- WHAT IS REQUIRED -
Go to the line that contains "Teppich Jute grün" in the records below and repeat it, and each line after it, exactly through the end, omitting pictures.

[Dataset items]
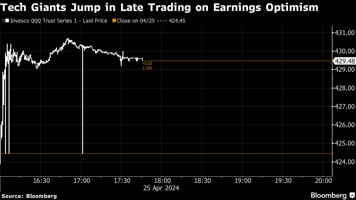A $250 billion exchange-traded fund tracking the Nasdaq 100 (ticker: QQQ) climbed 1.2% after the close of regular trading. In a sigh of relief to investors worried about lofty valuations of the sector that has powered the bull market, Alphabet crushed sales estimates and announced a dividend. Its fellow megacap Microsoft also beat forecasts, lifted by corporate demand for the software maker's cloud and artificial-intelligence offerings.
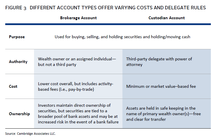 Another key infrastructure choice that families need to make involves selecting a bank and the type of investment account they will use to operate and oversee their portfolio. There are two main options to choose from: a brokerage or custodian account (Figure 3).
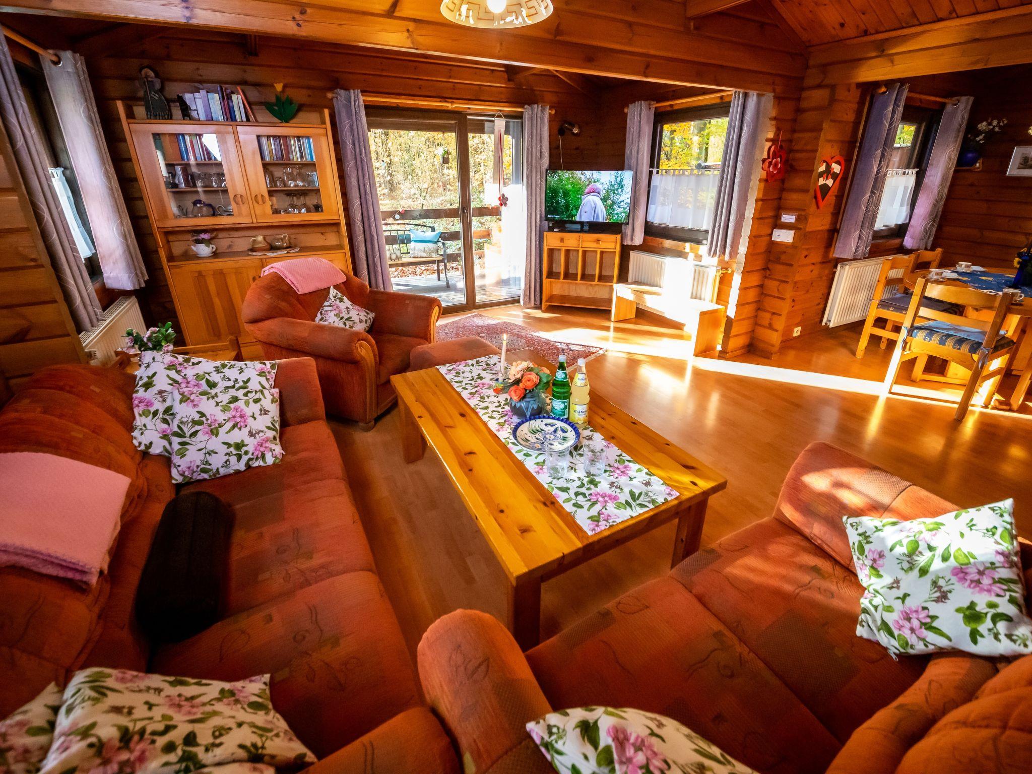 Ferienpark Twistesee 3 km from Bad Arolsen: Cosy timber house "Haus 57 Wald Eck", renovated in 2018. 400 m from the lake, in the countryside, in the woods. For shared use: park. Barbecue. In the house: storage room for bicycles. Parking at the house. E-charging station. Supermarket 3 km, restaurant 800 m, bus stop 3 km, railway station 3 km, sandy beach 400 m, outdoor swimming pool, indoor swimming pool 3 km. Golf course (9 hole) 800 m, minigolf 200 m, children's playground 100 m. The owner does not accept any youth groups. Please note: Loading and unloading of baggage is possible at the holiday house.
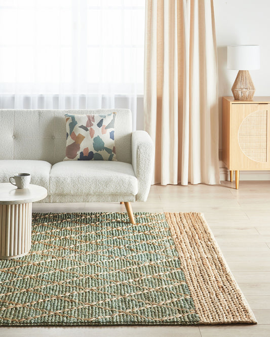 Teppich Jute grün / beige 200 x 300 cm geometrisches Muster Kurzflor TELLIKAYA
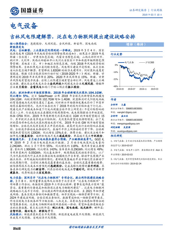 【国盛证券】【20190310】电气设备行业周报:吉林风电限建解禁,泛在电力物联网提出建设战略安排-21页

- FINAL ANSWER -
 Teppich Jute grün / beige 200 x 300 cm geometrisches Muster Kurzflor TELLIKAYA
 【国盛证券】【20190310】电气设备行业周报:吉林风电限建解禁,泛在电力物联网提出建设战略安排-21页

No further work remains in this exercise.